When the 100th’ landed at Salerno, Italy, Sparky Matsunaga was CO of Company C with Lt. Jakuszewski leading Goo’s
2nd Platoon. Johnny Miyagawa was the platoon sergeant along with Sergeants Louis Sakamoto and Masanao Otake in C Company. As they were approaching the beach in the landing craft, rumors flew about the earlier units being wiped out by the enemy. The level of difficulty in getting ashore was dependent on how skilled the pilot was in maneuvering the craft. If he dropped the landing gate in deep water, it was especially difficult for the shorter Nisei soldiers, even with their lighter combat packs.
Not long after landing, Willie’s unit got caught in an olive grove with snipers firing and German artillery locked in. Willy and Chester Hada shot their bazooka at a tank and missed, but the tank fortunately left the area. The men, however, were pinned down for eight hours with some, like Seichi Tengan, sustaining wounds.

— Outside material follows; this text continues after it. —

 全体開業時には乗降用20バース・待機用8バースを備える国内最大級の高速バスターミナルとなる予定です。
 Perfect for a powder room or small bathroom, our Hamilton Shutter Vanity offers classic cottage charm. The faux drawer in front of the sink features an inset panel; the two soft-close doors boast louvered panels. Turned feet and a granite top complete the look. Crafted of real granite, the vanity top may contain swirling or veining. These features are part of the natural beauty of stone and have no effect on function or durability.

Monte Cassino left an indelible impression on the young Goo. The area before reaching the wall at the base of Monte Cassino was flooded to make it impossible for tanks to traverse. The men made forward progress pressing forward during the five minute breaks in the rolling barrage that their artillery set up. Willie said the amount of fire the US laid down was immense Unfortunately, with that much firing going on, friendly casualties were inevitable. He also recalls seeing an aerial dogfight and said the American pilots were the best.

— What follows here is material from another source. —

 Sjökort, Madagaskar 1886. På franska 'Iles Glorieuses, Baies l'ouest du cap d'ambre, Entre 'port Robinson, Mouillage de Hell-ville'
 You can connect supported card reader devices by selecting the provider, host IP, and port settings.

By the time they got to the wall, Company C only had a handful of men left. There was an argument between officers as to whether to move forward over the wall. A machine gun about 200 yards away was zeroed in on them. Artillery was supposed to send in smoke ordnance but instead fired high explosive rounds causing the front line to call off the shelling. Capt. Richard Mizuta then saw a fog bank moving in so ordered his troops to move out when it came in front of them. Johnny Miyagawa was ready with the wire cutters when suddenly, the fog lifted and Mizuta called off the charge. Willie said, “The fog stopping (lifting) saved my life.”
Willie remembers going to the aid of Taro Tonai and finding him KIA. He remembers putting Tonai’s rifle into the ground with his helmet on top next to the body. It was a surprise to him when the report came later that Tonai was MIA.
The 100th went back to Naples to board landing crafts to ship to Anzio just south of Rome. On arrival, the unit learned that the beach was in firing range of the large German rail guns. He recalls the gutsy move by Young Oak Kim and his partner, Pfc. Irving Akahoshi, when they captured German prisoners in broad daylight.
It was on the next push to Lanuvio, where Willie Goo was wounded on June 2, 1944. He was approaching an enemy machine gun nest when a land mine went off and hit him in the leg and shoulder. His canteen was punctured and Goo at first thought the water on his uniform was blood. He also checked his helmet and finding no wound, told his buddy, Warren Iwai, that things were okay. Meanwhile others had captured the Germans in the machine gun nest and the prisoners carried Goo about 400 yards to the rear. From there he went to the field hospital and then to the 45th General Hospital in Naples.
Willie was shipped back to the US mainland where he spent a year in rehab at hospitals in Virginia, Mayo Clinic in Michigan and Galesburg, Ill. Goo was finally released from the Army on July 31, 1945.
He returned to his job at the golf course before moving on to Kahului Railroad. It was then he met his future bride, Janet, who asked to hitch a ride with Willie to her workplace at A&B.